WORK REQUIRED
Which lines run from the one containing "- In **New Registry" to the end of the material below? Copy them exactly, pictures excluded.

DATA
---+---

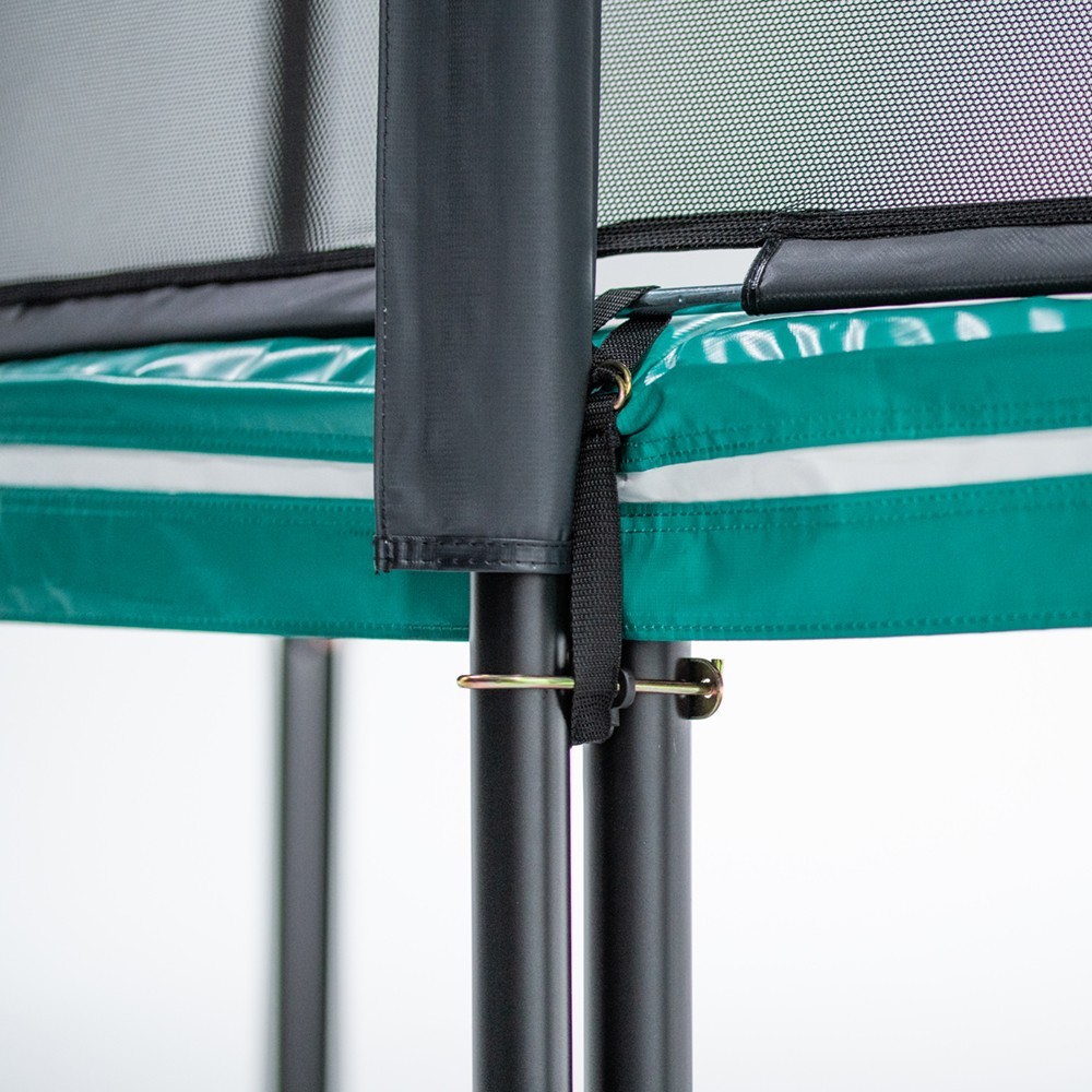 - Schutz & Sicherheit der Nutzer. Die oberen Pfosten Ihres Trampolins sind von 10 mm dickem Schaum und einer schwarzen PVC-Hülle bedeckt. Mit einer Höhe von 2,56 m schützt das Netz den Springer auch bei sehr hohen Sprüngen. Das Fangnetz wird von Fiberglasbögen gespannt, die am obersten Punkt des Netzes angebracht sind. Das Sicherheitsnetz wird durch Fiberglasbögen befestigt, die in den oberen und unteren Rand des Netzes eingefügt sind.
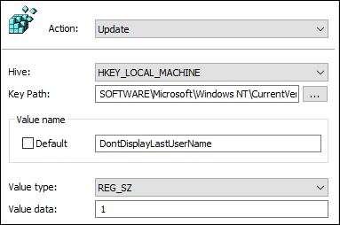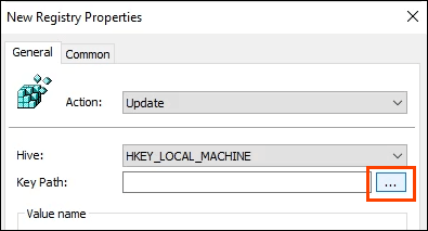 - In **New Registry Properties**, leave **Action **as **Update **and **Hive **as **HKEY_LOCAL_MACHINE **(HKLM). Select the ellipses or three-dots (…) next to the **Key Path **field. The **Registry Item Browser **window opens.
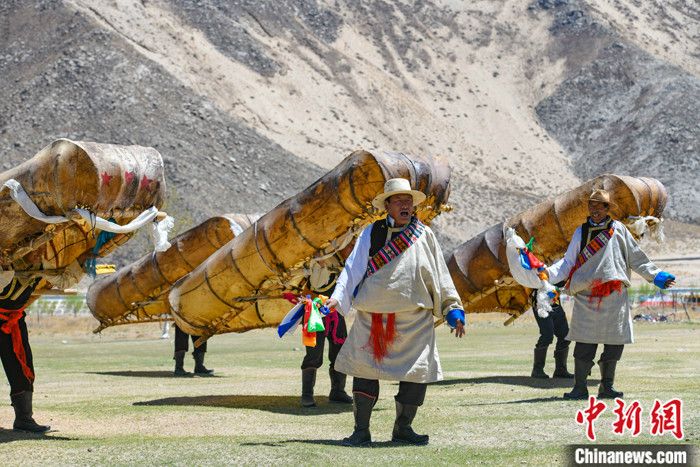 資料圖為西藏拉薩曲水縣俊巴漁村村民穿著盛裝表演牛皮船舞。 記者 貢嘎來(lái)松 攝
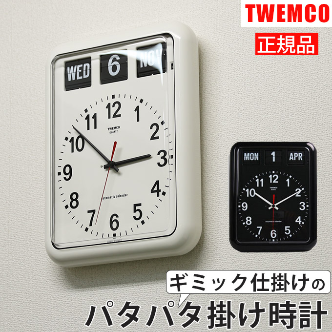 楽天市場 ギミックが目を引く 人気ブランドのパタパタ時計 掛け時計 壁掛け時計 アナログ おしゃれ レトロ調 アンティーク調 見やすい かわいい カレンダー 英語 男の子 プレゼント ギフト 男性 女性 仕掛け ホワイト 動く ブラック Twemco トゥエンコ トゥエムコ

---+---

RESPONSE TO THIS EXERCISE
 - In **New Registry Properties**, leave **Action **as **Update **and **Hive **as **HKEY_LOCAL_MACHINE **(HKLM). Select the ellipses or three-dots (…) next to the **Key Path **field. The **Registry Item Browser **window opens.
 資料圖為西藏拉薩曲水縣俊巴漁村村民穿著盛裝表演牛皮船舞。 記者 貢嘎來(lái)松 攝
 楽天市場 ギミックが目を引く 人気ブランドのパタパタ時計 掛け時計 壁掛け時計 アナログ おしゃれ レトロ調 アンティーク調 見やすい かわいい カレンダー 英語 男の子 プレゼント ギフト 男性 女性 仕掛け ホワイト 動く ブラック Twemco トゥエンコ トゥエムコ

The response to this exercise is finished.